The ETS-2 primers (5′-CAT CCT CTG GGA ACA TCT AG-3′ and 5′-TAC CCG CTG TAC ATC CAG TA-3′) amplified a 451 bp product. The ETS-1 primers (5′-AAA GAG TGC TTC CTC GAG CT-3′ and 5′-AGG CTG TTG AAG GAT GAC TG-3′) amplified a 503 bp product. The cyclophilin primers (5′-TGG TCA ACC CCA CCG TGT TCT TCG-3′ and 5′-TCC AGC ATT TGC CAT GGA CAA GA-3′) amplified a 311 bp product. We also used GAPDH as a second control gene (data not shown).

Signal was quantified with Scion image software (Frederick, MD). The experiments were performed three times. We also tested different groups of primers for each gene.

Statistical analysis

All results are expressed as the mean±SD. The results were compared using analysis of variance (ANOVA) and Student’s t-test. A p<0.001 was considered statistically significant.

Western blotting

Total proteins were extracted from CB6 control (n=5) and CB6 Tyrp-1 mouse (n=5) eyes at P15, P20, P25, P30, and three months of age using an extraction reagent (TRIzol; Invitrogen-Gibco) according to the manufacturer’s instructions. Proteins (50 μg; Bradford protein assay) were separated by electrophoresis (SDS–PAGE in a 10% polyacrylamide gel). Separated proteins were transferred onto a nitrocellulose membrane (Trans-Blot Transfer Medium; Bio-Rad, Hercules, CA), which was then blocked by incubation for 1 h with 5% nonfat milk. Membranes were then incubated overnight with rabbit anti-ETS-1 antibody (sc-350; Santa Cruz Biotechnology), anti-ETS-2 antibody (sc-351; Santa Cruz Biotechnology), or a goat anti-β-actin antibody (Santa Cruz Biotechnology). They were then washed and incubated for 1 h with a horseradish peroxidase-linked anti-rabbit or anti-goat secondary antibody (Santa Cruz). Proteins were detected by enhanced chemiluminescence (ECL; PerkinElmer Life and Analytical Sciences Inc, Courtaboeuf, France). The experiments were performed three times.
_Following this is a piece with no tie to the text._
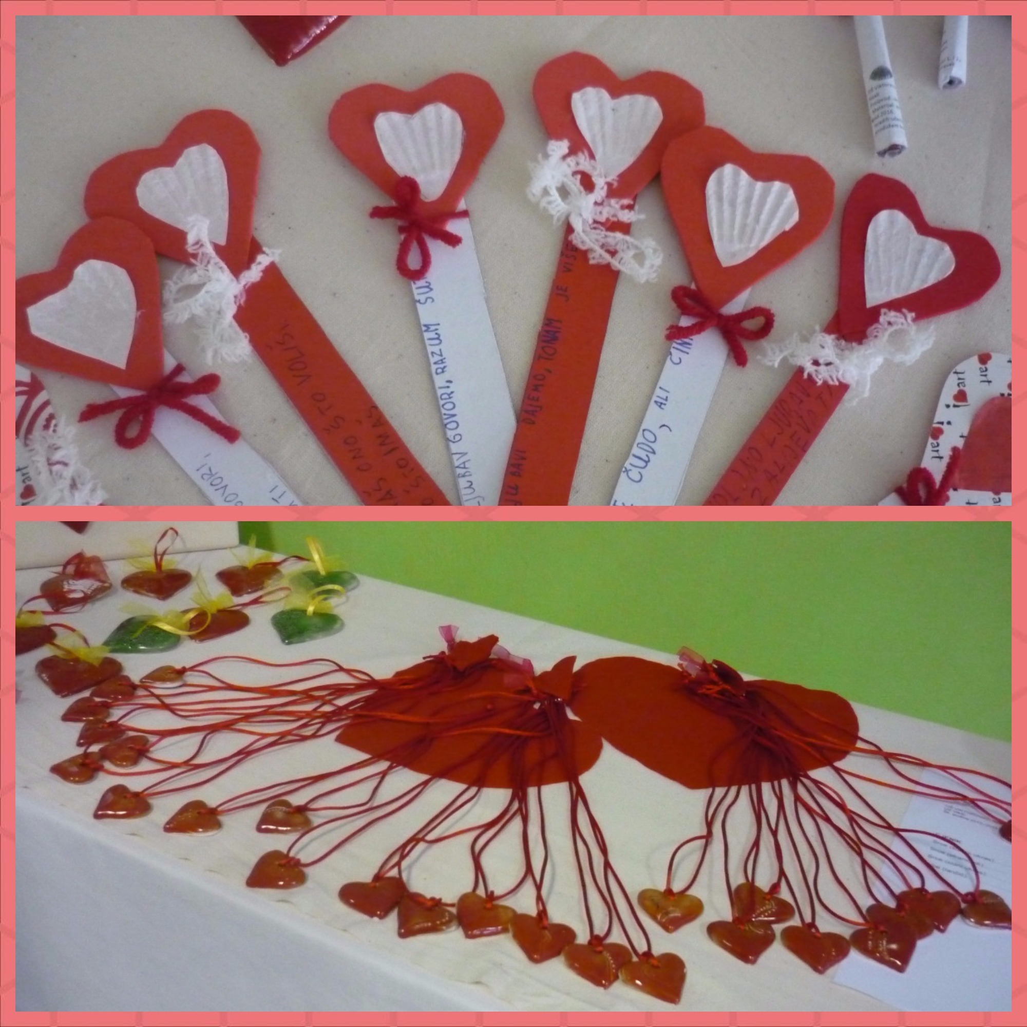 Zadrugari Kreativne stvaraonice i Mali ekolozi izložili su srca izrađena u keramici i papiru u boji: ogrlice, zidne ukrase, straničnike, štapne ukrase.

ETS mRNA and protein localization in adult mouse eyes

The genes, Ets-1 and Ets-2, seem to be derived from duplication of an ancestral gene that also gave rise to the Drosophila gene, pointed (Pnt2). This gene is involved in the differentiation of the photoreceptor, R7, suggesting that ETS-1 and ETS-2 may be involved in the development and/or biological functions of the neural retina. We used in situ hybridization to study the distribution of ETS-1 and ETS-2 mRNA in paraffin-embedded sections of adult mouse eye tissue. We detected mRNA for both ETS-1 and ETS-2 in the neuroretina (Figure 1A,E). We found mRNA for these factors in the ganglion cell layer (GC), inner nuclear layer (INL), outer nuclear layer (ONL), and photoreceptor inner segments (PIS) but not in the photoreceptor outer segments. Both transcripts were also present in the adult retinal pigment epithelium (RPE; Figure 1A,E) and uveal melanocytes. ETS-1 mRNA was not produced in detectable amounts in the outer plexiform layer whereas ETS-2 mRNA was clearly produced in significant amounts in this layer, which consists primarily of fibers and synapses. This observation was validated in several sets of repeated experiments.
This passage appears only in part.